As the last gentle throb of her life slips deeper into him, her spirit stirs, a soft questioning touch in the back of his thoughts. He nods, and calls Helhest forward.

The horse arches his neck and high-steps over to him, the sharp clatter of his hooves only heard by Death, the soft huff of his heavy snort only felt by the arctic wind that slipped in through the cracks of Maureen's door.

"Take her home," Death says, as he has said countless times, and presses the horses reins into the young spirits hands. Her souls whispers a mournful song to him. "No more tears," he tells her, and gives Helhest a gentle slap.

The stallion paws the ground and gallops away, head held high, hooves thundering against the pavement in time with the beat of a human heart as he races to deliver Maureen's soul to Charon's ferry.

Death watches them go for several more moments, savoring the stillness of the world. Helhest will return once Maureen's soul is safely on her way to the Underworld, and for the moment, he can rest.

He leaves the hospital and fades back into the shadows of a nearby forest, cloaks himself in a layer of darkness and listens to humanity, the gentle song that streams in a continuous flow, only interrupted by a death, and he feels no more deaths tonight.

The rain cools and pounds against the earth in a steady, sharp rythm, and he welcomes it. He likes it when it rains during a death. Perhaps it is because of the million souls that make up his thoughts, but he thinks that the water falling from the sky is appropriate for death. It seems almost like tears, as if the soul is being remembered as if passes into his care.

It calms him, and softens his feral nature. Some nights he is angry and vengeful and wild, striking and snatching souls the instant their last breath passes their lips, but tonight with the soothing rain and the vibrant song of Maureen's soul still echoing in his mind, he feels calm.

Death loves nights like this, when he is able to experience the best of humanity. It is what makes him continue his work, makes him want souls to be saved, knowing that there is still good out in this broken, odd world.

Helhest returns in a rush of shadow and the sharp snap of hooves striking stone, and halts beside him.

"Is she safe?" Death asks his horse softly, and the stallion tosses his head and rolls an eye back, letting his oldest friend know that Maureen's souls had passed onto Charon's boat.

He pats the horse's shoulder and swings onto his back.

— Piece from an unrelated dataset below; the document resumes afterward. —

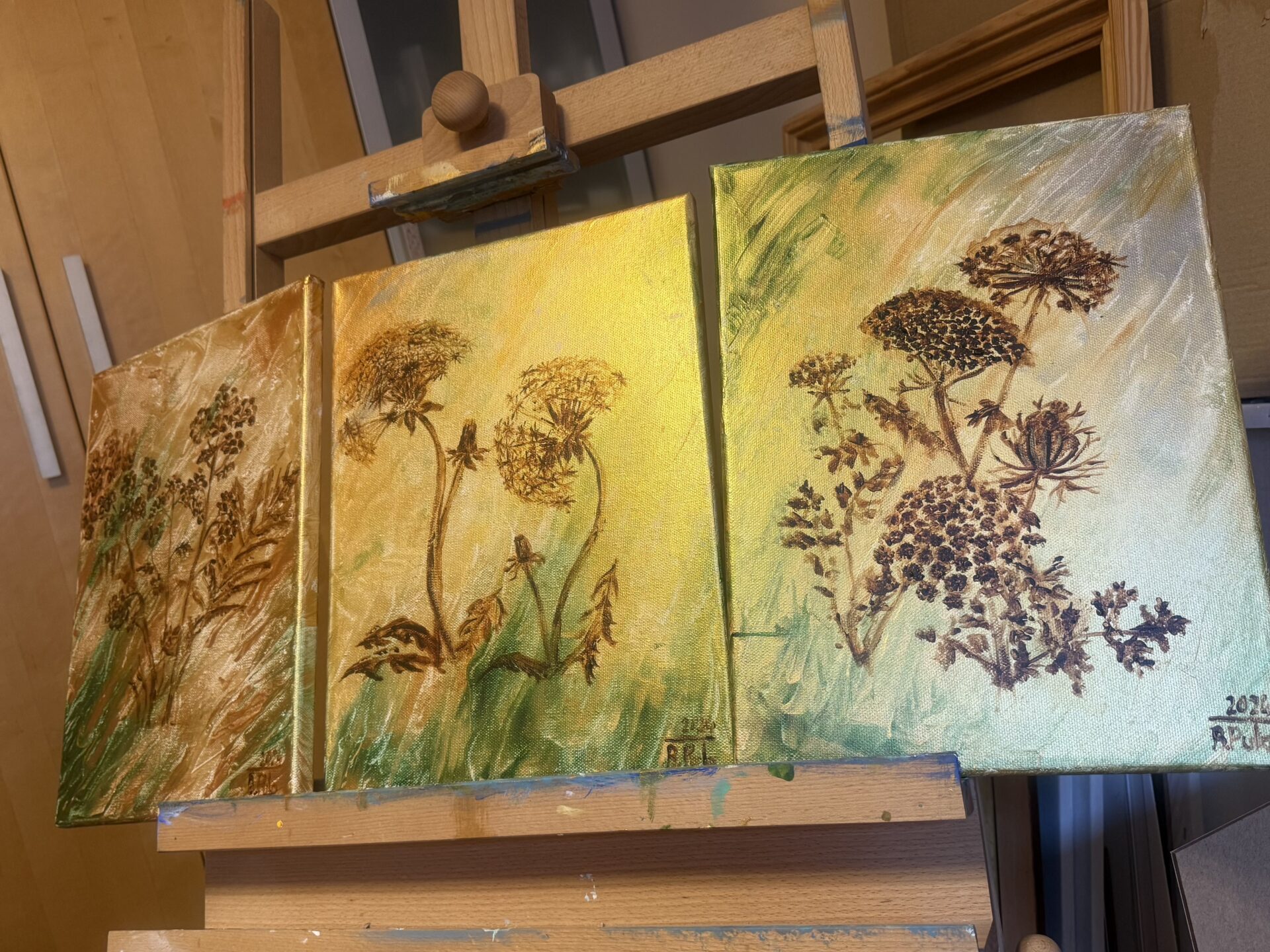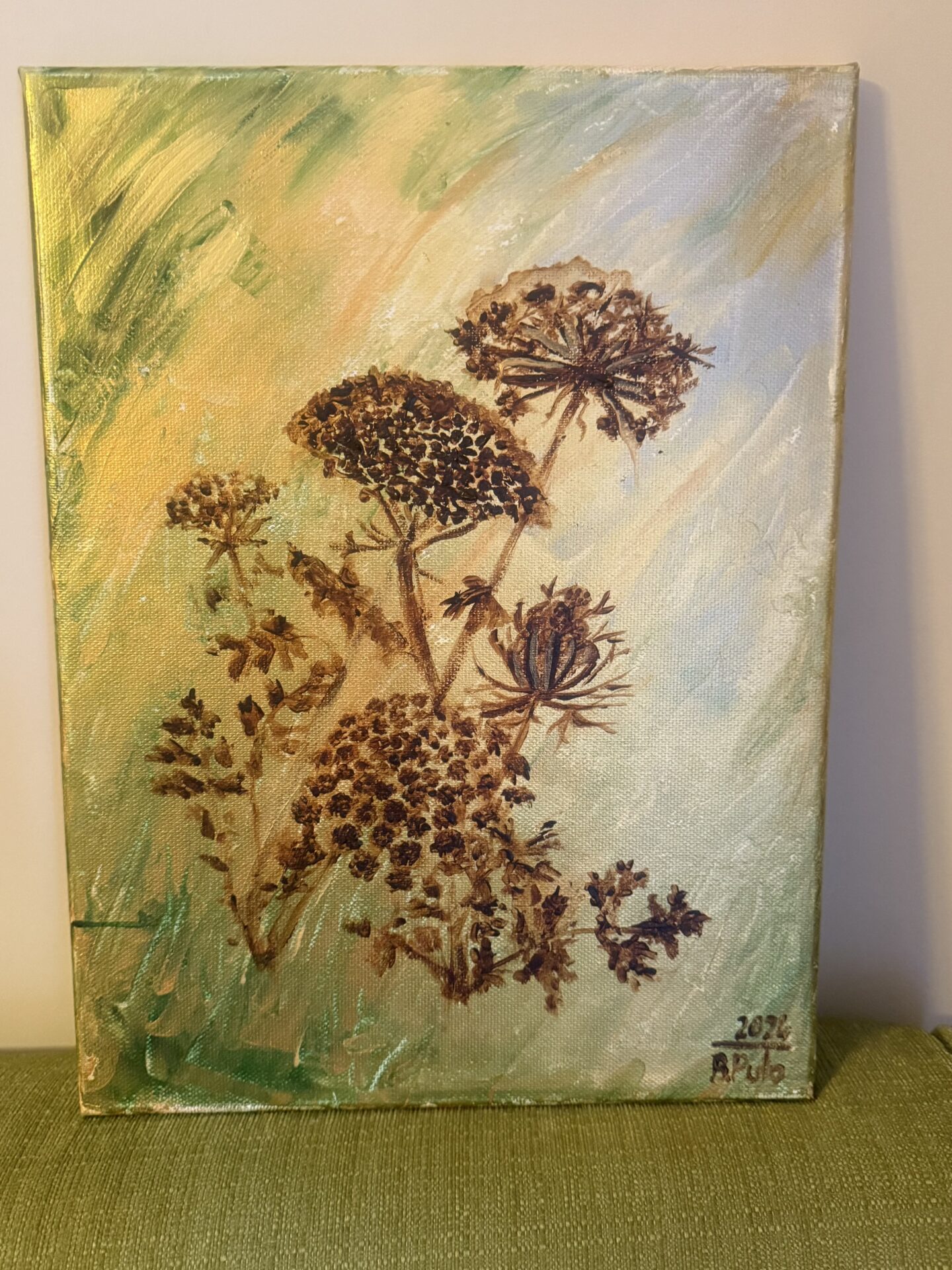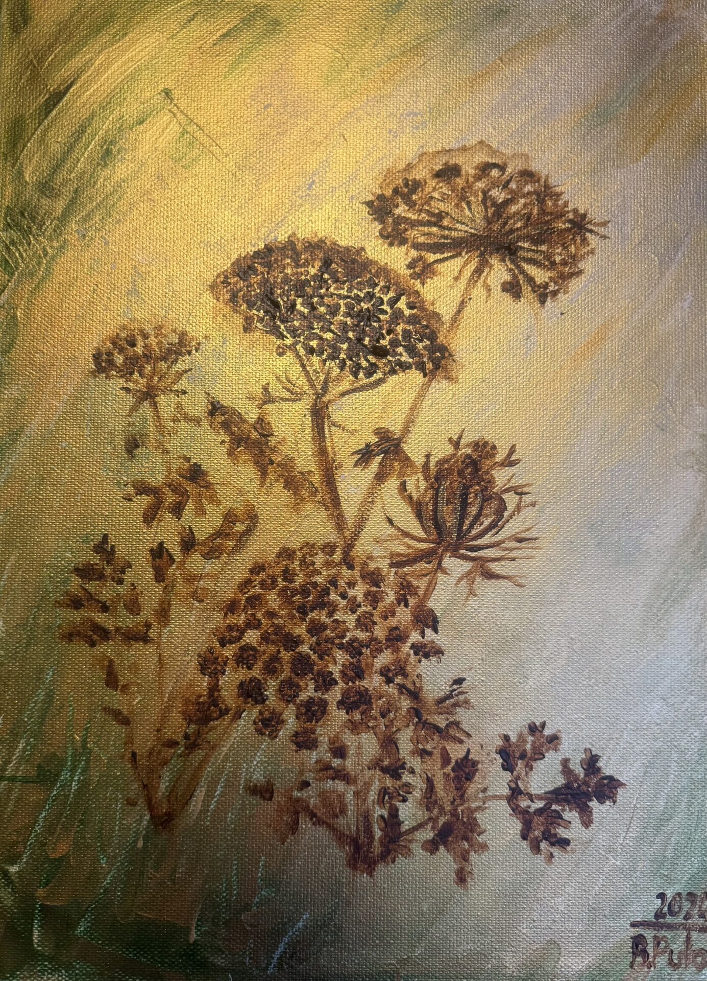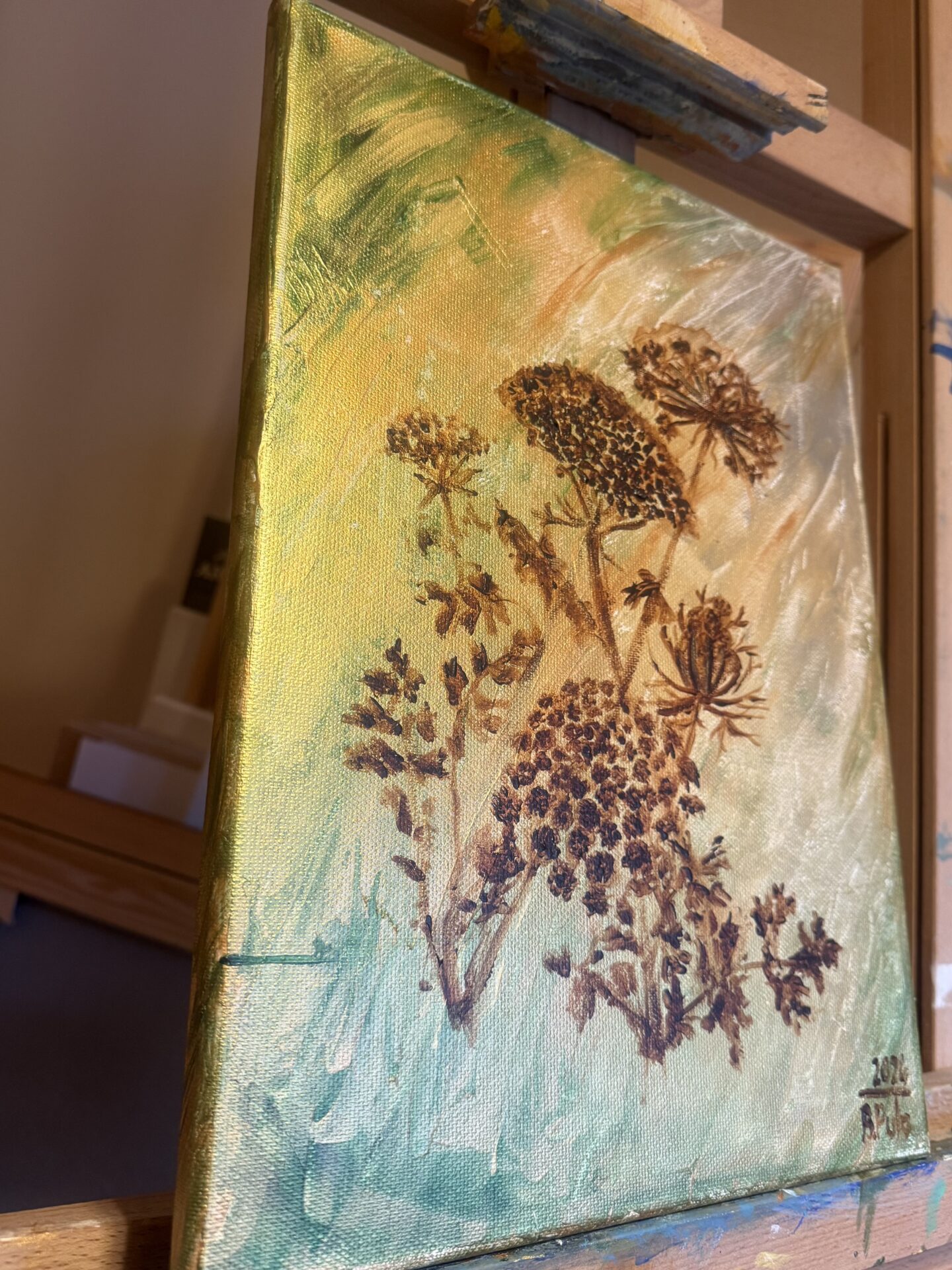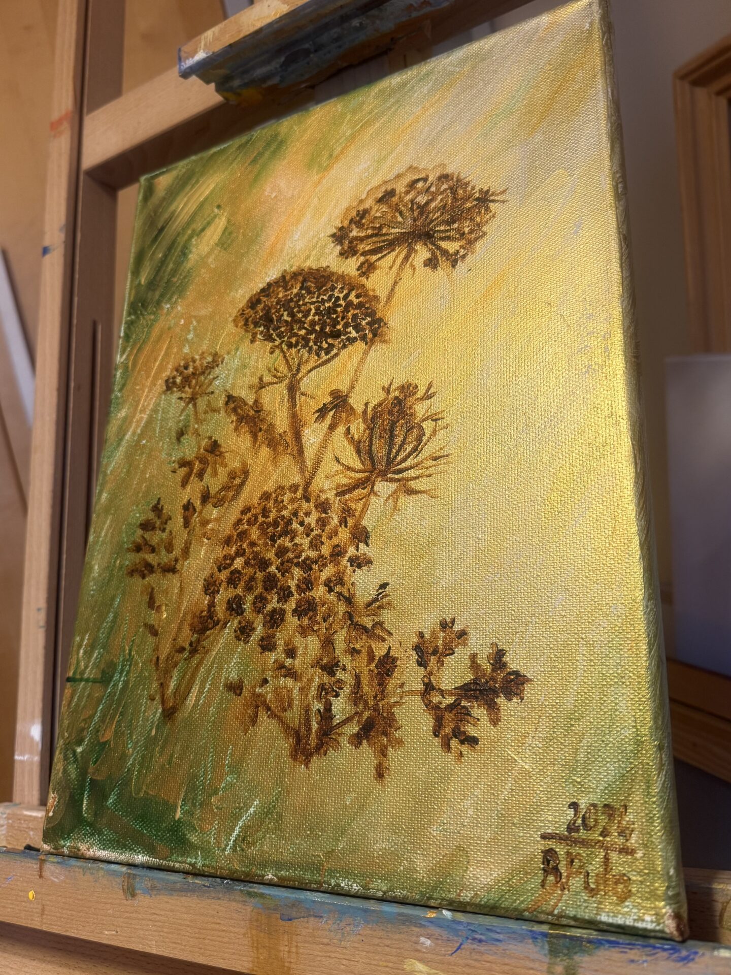 Obraz Marchew polna z Tryptyku polnego. Namalowany na złotym tle z refleksami ciemnej zieleni. Roślina namalowana w brązie. Obraz namalowany na lnianym płótnie naciągniętym na drewniany blejtram o wymiarach 40×30 cm. Użyto profesjonalnych farb akrylowych. Zabezpieczono werniksem satynowym. Obraz ma zamalowane boki w odcieniach obrazu i w zależności od położenia, oświetlenia zmienia barwy.

Helhest stiffens underneath him, raising his head high blowing out a quick breath from his flared nostrils.

Death knew what had startled the horse. He could already feel the bitterness in the wind, the silent chill, the stutter in the song of the world that marked another death.

Sighing, he glances back one more time at the hospital, the swaying shadows of the forest, and the place where Maureen's body still lay in her bed. Her soul is far away now, but the soft burn of her memories still hums within his flesh, and he draws on her favorite-the smell of baking cookies and freshly fallen snow-to calm himself as a new spirit starts wailing for him.

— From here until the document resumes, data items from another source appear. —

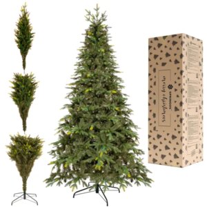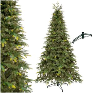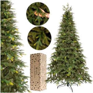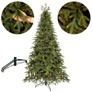 Varázsolj autentikus, erdei hangulatot otthonodba ezzel a 240 cm magas, természetes hatású luc műfenyővel. A sűrű, kétszínű (zöld-barna) PE/PVC tűlevelek 994 ághegyet alkotnak, így a fa optikailag a frissen vágott fenyőt idézi, miközben évről évre újra felállíthatod.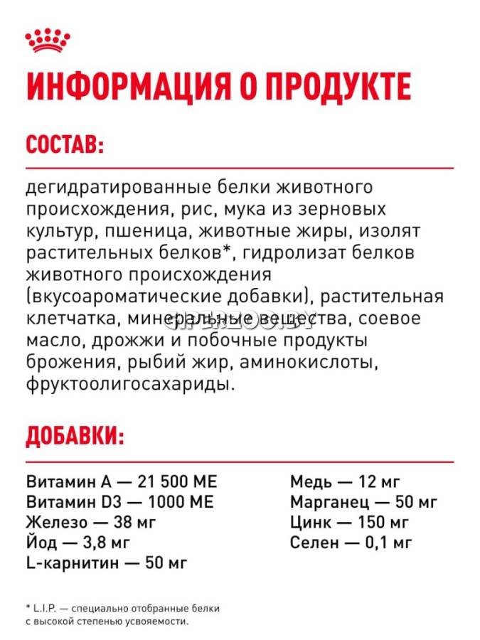 рис, дегидратированные белки животного происхождения (птица), мука из зерновых культур, изолят растительных белков*, пшеница, животные жиры, гидролизат белков животного происхождения (вкусоароматические добавки), растительная клетчатка, минеральные вещества, рыбий жир, соевое масло, дрожжи и побочные продукты брожения, фруктоолигосахариды.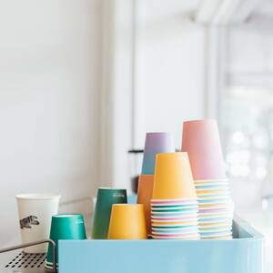 A more environmentally friendly coffee cup made from responsibly sourced paper and a plant-based Ingeo™ bioplastic lining. EcoCup hot cups are leak-proof, sturdy and premium quality with exceptional insulation. Our Colour Series is unique and eye-catching, certified for commercial composting.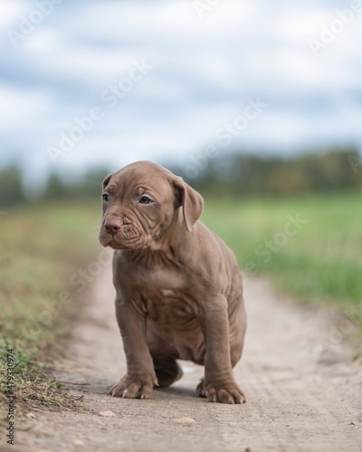 Puppies of a thoroughbred American Pit Bull Terrier are playing on a green field.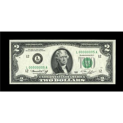 <B>Fr. 1935-L $2 1976 Federal Reserve Note. Choice Crisp Uncirculated.</B></I><BR>Another example which would make a good mate to the note above. This original beauty is graced with serial number five.<BR><BR><b>Shipping:</b> Coins & Currency (<a target="_blank" href="http://www.heritageauctions.com/common/shipping.php">view shipping information</a>)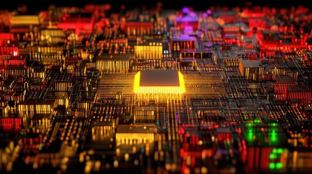 Highly detailed close-up digital circuit board with colorful illuminated electronic components and integrated microchips, futuristic technology background
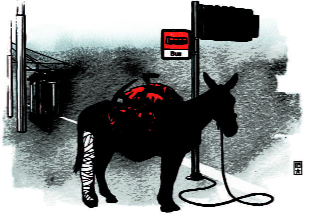 Am näch­sten Tag wurde der Ack­er wieder gepflügt. Und als sich der Abend näherte, sagte der Bauer: «Sohn, wir wur­den gestern beschimpft. Heute werde ich den Maule­sel reit­en und du kannst nebe­nan laufen.» In dieser Kon­stel­la­tion erre­icht­en die Drei das Dorf und trafen dieselbe Gruppe von Men­schen des Vortages an. Auch dieses Mal hat­ten die Men­schen etwas zu meck­ern: «Schaut her! Der kräftige Bauer lässt seinen schmächti­gen Sohn hart arbeit­en aber nicht den Maule­sel reit­en.» Der Bauer wurde grim­mig, stieg aber prompt vom Tier.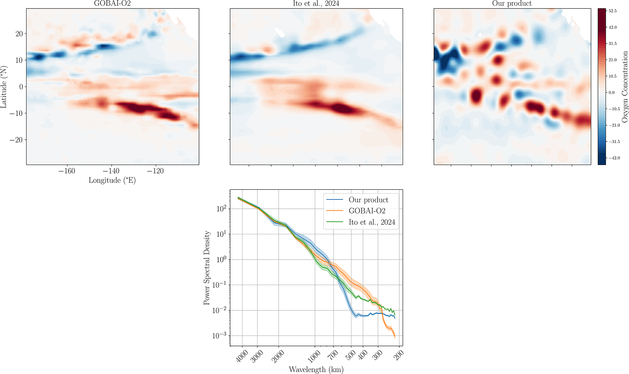 Beyond the climatological spatial distribution, we assess the spatial resolution of the proposed monthly DO product relative to state-of-the-art machine learning-based gridded datasets. Figure 6 presents an example of the DO anomaly field in the equatorial Pacific (−179 to −100° E, 30° S to 30° N) alongside the vertically and monthly averaged Radially Averaged Power Spectral Density (RAPSD) of our product, compared with GOBAI-O2 and Ito et al. (2024a). This region is characterized by energetic synoptic-scale variability (Chelton et al., 2007), and we evaluate whether our product better captures these processes. The RAPSD indicates 100 %–200 % higher energy levels at wavelengths around O(103) km, compared to the ML baselines, suggesting an improved representation of small-scale variability. This is further illustrated through the visual analysis of the anomaly field in Fig. 6, where our product better represents finer synoptic-scale structures on the order of O(103) km, revealing more energetic small-scale eddies than the other ML-based products. These variations are unlikely to result from interpolation biases associated with data scarcity, which would instead tend to produce near-zero anomalies. Likewise, the possibility that they arise from spurious or low-quality profiles is also unlikely, as similar patterns are consistently observed across the other ML-based products.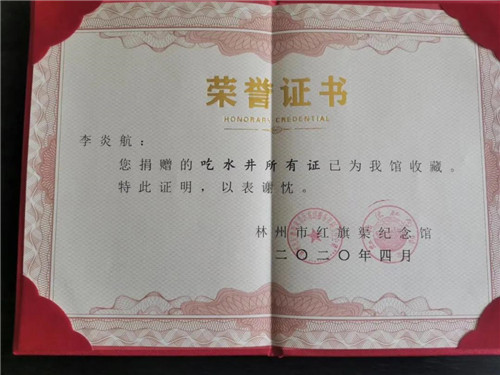 近日,红旗渠风景区接受林州爱心人士李炎航捐赠的《吃水井所有证》,在红旗渠通水55周年之际,此次爱心捐赠更是意义非凡。红旗渠风景区向捐赠者颁发荣誉证书,以表谢忱。目前,《吃水井所有证》已被红旗渠纪念馆收藏。

Helhest rears up, shrieking a high call in response, and Death nods, steadying his horse with a soft twitch of the reins. "Onwards," he whispers, "I trust you know the way."

The stallion hesitates for a fraction of a second, before he surges forward, blending in with shadows and fears, nightmares and darkness, becoming one with the turn of the world, traveling the secret and forgotten ways that only they knew, in the direction of their next lonely soul.

And Death leans low over his horse's neck, holding Maureen's memories in his mind, and welcoming the sting of the rain on his cheeks.